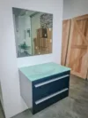 - Integrated storage cabinets – Provides organized space for toiletries and essentials
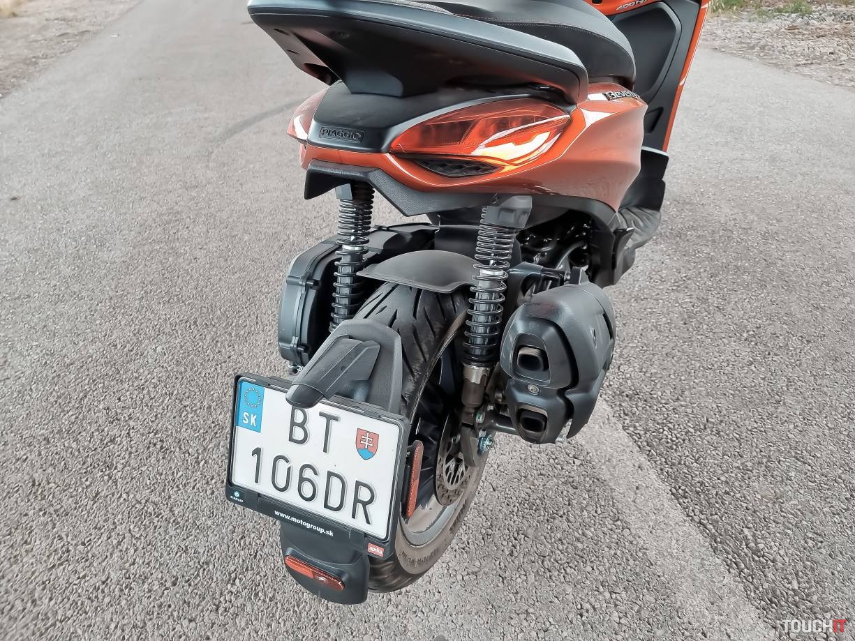 Piaggio je luxusná značka skútrov a rad Beverly vyzerá a funguje výborne. Model S 400 HPE patrí k novinke a je to skúter s objemom jednovalcového motora 400 ccm a výkonom 26 kW pri 7500 ot/min. Spája v sebe štýl a pohodlie. Pod sedlom je úložný priestor na jednu integrálnu prilbu a menšie veci. Ocenili sme displej dobre viditeľný za každého počasia. Má extra výkonný motor s krútiacim momentom 37,7 Nm pri 5500 ot/min, automatickú prevodovku Twist and Go CVT a všimnete si aj detaily ako napr. tónované čelné sklo. Tento skúter pôsobí štíhlo, aj dizajnovými detailami pripomína športového duchy. Testovali sme verziu touring s dvojúrovňovým sedadlom. Beverly S 400 HPE sa predáva v čiernej a červenej farebnej verzii. Výška sedla je 795 mm. K dispozícii je aj mobilná aplikácia, ktorá v sebe obsahuje napr. denník jázd. Cena skútra je 6299 eur a požičali sme si ho v Motogroup.skPodobné články
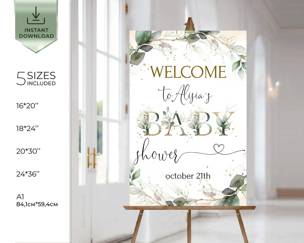 Eucalyptus Baby Shower Welcome Sign | 7 sizes | Greenery & Gold Poster
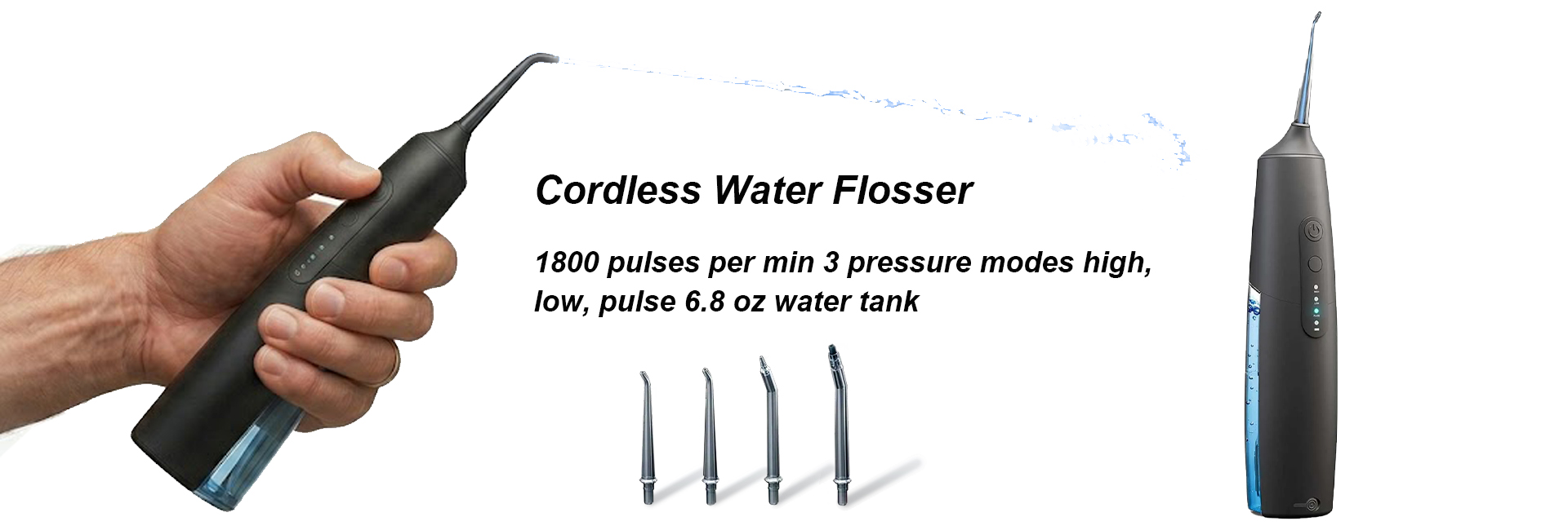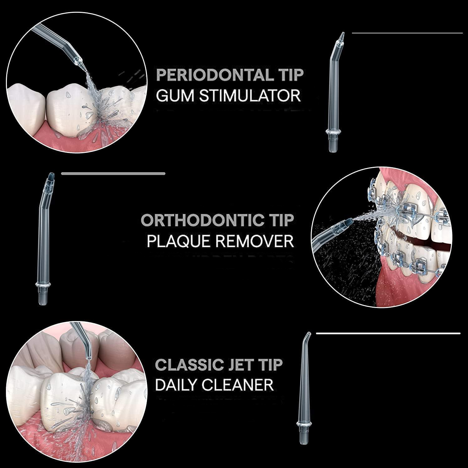 Newest Cordless Water Flosser offers a unique combination of water pressure with 3 flossing modes (High, Low, and Pulse) for the best teeth cleaning action and enhanced floss. Water pressure will massage your gums to prevent bleeding and deeply clean up dental calculus, food debris, that traditional flossing can't.

» Try it
Reproduce the whole listing above character for character; pictures do not belong in it.

» Completed exercise
 - Integrated storage cabinets – Provides organized space for toiletries and essentials
 Piaggio je luxusná značka skútrov a rad Beverly vyzerá a funguje výborne. Model S 400 HPE patrí k novinke a je to skúter s objemom jednovalcového motora 400 ccm a výkonom 26 kW pri 7500 ot/min. Spája v sebe štýl a pohodlie. Pod sedlom je úložný priestor na jednu integrálnu prilbu a menšie veci. Ocenili sme displej dobre viditeľný za každého počasia. Má extra výkonný motor s krútiacim momentom 37,7 Nm pri 5500 ot/min, automatickú prevodovku Twist and Go CVT a všimnete si aj detaily ako napr. tónované čelné sklo. Tento skúter pôsobí štíhlo, aj dizajnovými detailami pripomína športového duchy. Testovali sme verziu touring s dvojúrovňovým sedadlom. Beverly S 400 HPE sa predáva v čiernej a červenej farebnej verzii. Výška sedla je 795 mm. K dispozícii je aj mobilná aplikácia, ktorá v sebe obsahuje napr. denník jázd. Cena skútra je 6299 eur a požičali sme si ho v Motogroup.skPodobné články
 Eucalyptus Baby Shower Welcome Sign | 7 sizes | Greenery & Gold Poster
 Newest Cordless Water Flosser offers a unique combination of water pressure with 3 flossing modes (High, Low, and Pulse) for the best teeth cleaning action and enhanced floss. Water pressure will massage your gums to prevent bleeding and deeply clean up dental calculus, food debris, that traditional flossing can't.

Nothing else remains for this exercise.